Possible reasons to add to Derek. Reason 3, there is a FedPut in the stock market (psychology and/or direct or indirect stock market influence). Reaaon 4, the stock market is disconnected from mainstreet so the two are no longer connected. Reason 5, could the stock market eventually be heading to a crack-up boom?
Back to work guys..... could the chip friction between the US and China become the Black Swan event spoken of in ancient tails?
PRC is banning export of gallium and germanium, two components of chips. That's what happens when you outsource your supply chains for everything to make a few hundred billion, de-industrialize the US and run the biggest trade deficits in history. Nothing to see here, folks. I buy a pound of lead and an ounce of gold every month for years...
Life goes in cycles. The economy also goes in cycles. And the market is a reflection of that. This cycle lasted way more than a normal one due to extraordinary government intervention, but that was reversed a year ago. The damage is already done and the economy is fatally condemned to slow down, we can see that in many indicators, basically all alarms are blinking red. Why the market hasn’t collapsed? Probably because after 14 years of gains people refuse to believe that it is finished. I met a guy on Friday, former CEO of a very well known brand that belongs to Unilever, that is retired since I first met him 20 years ago.

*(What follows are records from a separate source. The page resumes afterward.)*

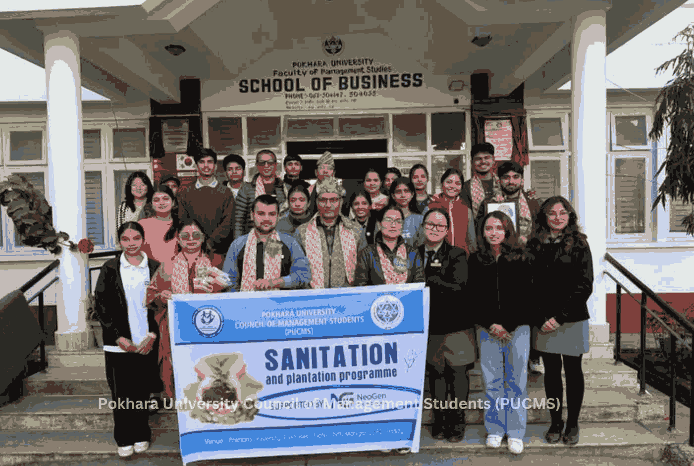 On Mangsir 19, the Pokhara University Council of Management Students (PUCMS) conducted a Sanitation and Cleanliness Program at the Pokhara University premises on the occasion of World Soil Day and International Volunteer Day, under the chairmanship of President Mr. Rajan Paudel. PUCMS members cleaned university corridors and surrounding areas and planted flowers in front of the School of Business garden, promoting environmental responsibility and a cleaner academic environment. The program was honored by the presence of Chief Guest Dr. Rabindra Ghimire, Associate Professor and Club Advisor, along with faculty members, administrators, alumni, and sponsors. The event concluded with appreciation for all members and volunteers whose efforts contributed to the successful completion of the program.
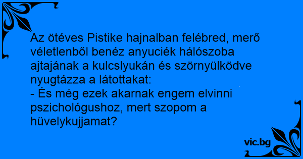 - És még ezek akarnak engem elvinni pszichológushoz, mert szopom a hüvelykujjamat?
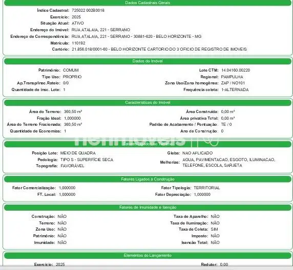 Rua Atalaia, Serrano - Belo Horizonte/Mg

He is probably 79 or 80, and he has all his portfolio in equities! When I started talking he look at me with scared eyes and confess that he was 100% equities because he did so well in the past.

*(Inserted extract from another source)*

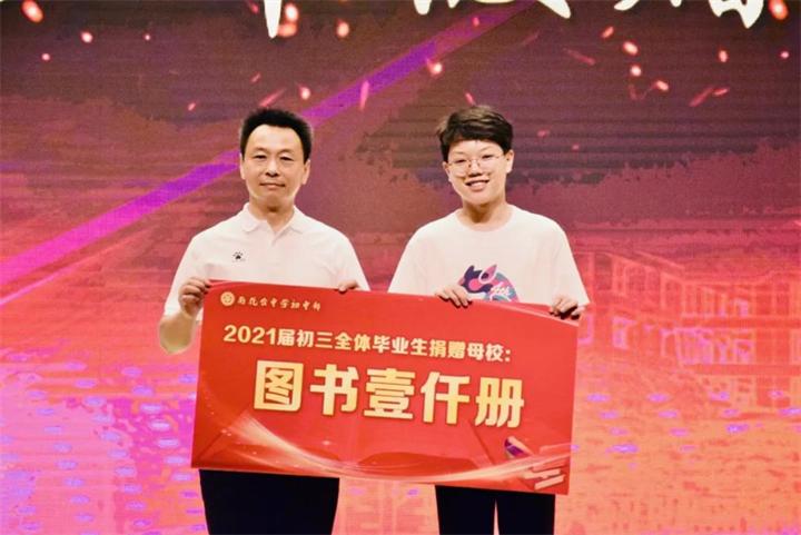 孙校长对同学们进行谆谆教诲和殷殷祝福后,为同学们颁发了毕业证书。同学们接过了毕业证书,也接过了嘱托和期盼。初三年级部全体毕业生向学校赠送了一千册图书作为毕业礼物,他们用实际行动表达了对母校最真挚的爱与祝福。

After where are we coming from, there is going to be a landing of course, and it cannot be soft, it will necessary be hard. Very hard. May be in 2 or 3 months, maybe in 6 months, no more than that.
The only justifications for this valuations, is very high inflation (equities are a hedge to inflation in the long term), but we are seeing the opposite. Inflation is collapsing. We are seeing deflation in some sectors like food or rentals. And we better avoid the “credit” issue with the regional and local banks. Credit is closed. How the economy is going to work without credit to the small business?
I see it very clear. The question is when the crash will start?
Who’s lying? The bond market or BlackRock’s Aladdin?